[[ Data for review open ]]

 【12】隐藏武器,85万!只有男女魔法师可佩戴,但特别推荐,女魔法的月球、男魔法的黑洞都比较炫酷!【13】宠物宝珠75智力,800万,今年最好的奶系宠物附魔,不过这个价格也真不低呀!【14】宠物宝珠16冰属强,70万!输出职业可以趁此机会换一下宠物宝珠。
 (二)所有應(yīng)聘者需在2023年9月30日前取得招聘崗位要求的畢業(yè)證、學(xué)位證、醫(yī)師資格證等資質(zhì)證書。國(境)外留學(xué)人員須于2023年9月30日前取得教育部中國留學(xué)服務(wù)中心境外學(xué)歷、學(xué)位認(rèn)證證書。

[[ Data for review closed ]]
[[ Data for review open ]]

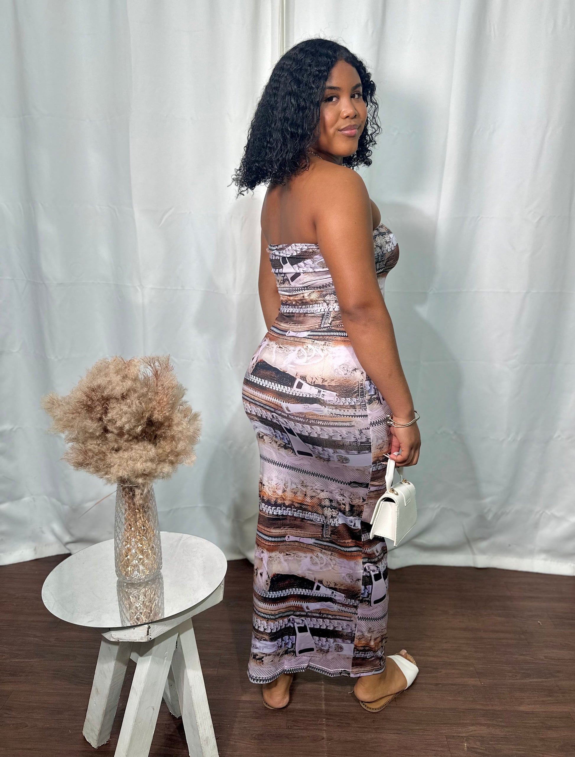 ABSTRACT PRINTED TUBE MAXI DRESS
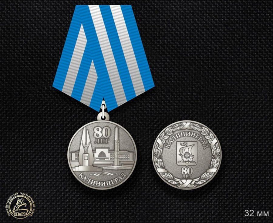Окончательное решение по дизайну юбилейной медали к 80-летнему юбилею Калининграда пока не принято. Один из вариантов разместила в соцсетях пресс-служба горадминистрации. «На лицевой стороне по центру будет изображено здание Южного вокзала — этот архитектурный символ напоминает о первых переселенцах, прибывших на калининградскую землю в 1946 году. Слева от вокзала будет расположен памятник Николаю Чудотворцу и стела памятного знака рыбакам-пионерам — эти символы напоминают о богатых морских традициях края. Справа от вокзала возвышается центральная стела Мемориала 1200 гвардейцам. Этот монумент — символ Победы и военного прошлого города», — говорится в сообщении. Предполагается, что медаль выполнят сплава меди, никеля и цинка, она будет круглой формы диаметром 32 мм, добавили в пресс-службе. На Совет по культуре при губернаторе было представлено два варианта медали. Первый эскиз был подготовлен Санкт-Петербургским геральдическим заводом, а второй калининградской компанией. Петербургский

[[ Data for review closed ]]
[[ Data for review open ]]

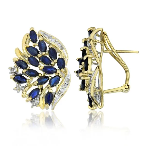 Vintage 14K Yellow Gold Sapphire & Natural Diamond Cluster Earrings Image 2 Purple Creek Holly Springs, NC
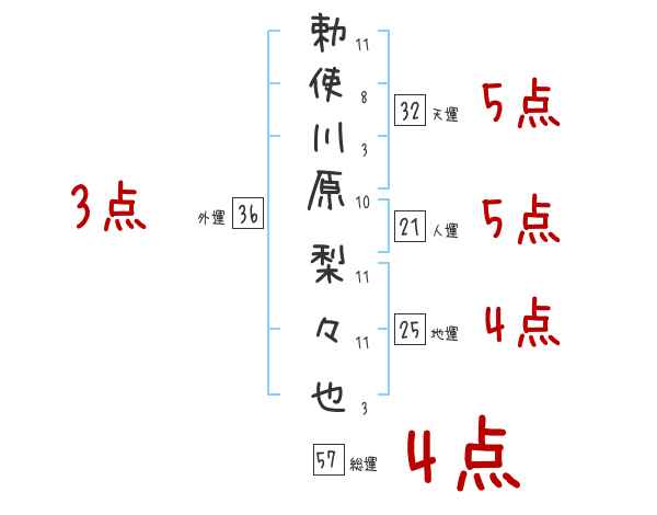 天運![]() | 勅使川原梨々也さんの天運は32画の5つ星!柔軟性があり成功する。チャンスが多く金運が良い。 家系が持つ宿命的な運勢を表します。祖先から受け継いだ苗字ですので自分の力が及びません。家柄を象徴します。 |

[[ Data for review closed ]]

[Your goal]
Go to the line above holding "ABSTRACT PRINTED TUBE MAXI DRESS", then copy exactly each line down to and including the one holding "Окончательное решение по", leaving pictures out.

[Task response]
 ABSTRACT PRINTED TUBE MAXI DRESS
Окончательное решение по дизайну юбилейной медали к 80-летнему юбилею Калининграда пока не принято. Один из вариантов разместила в соцсетях пресс-служба горадминистрации. «На лицевой стороне по центру будет изображено здание Южного вокзала — этот архитектурный символ напоминает о первых переселенцах, прибывших на калининградскую землю в 1946 году. Слева от вокзала будет расположен памятник Николаю Чудотворцу и стела памятного знака рыбакам-пионерам — эти символы напоминают о богатых морских традициях края. Справа от вокзала возвышается центральная стела Мемориала 1200 гвардейцам. Этот монумент — символ Победы и военного прошлого города», — говорится в сообщении. Предполагается, что медаль выполнят сплава меди, никеля и цинка, она будет круглой формы диаметром 32 мм, добавили в пресс-службе. На Совет по культуре при губернаторе было представлено два варианта медали. Первый эскиз был подготовлен Санкт-Петербургским геральдическим заводом, а второй калининградской компанией. Петербургский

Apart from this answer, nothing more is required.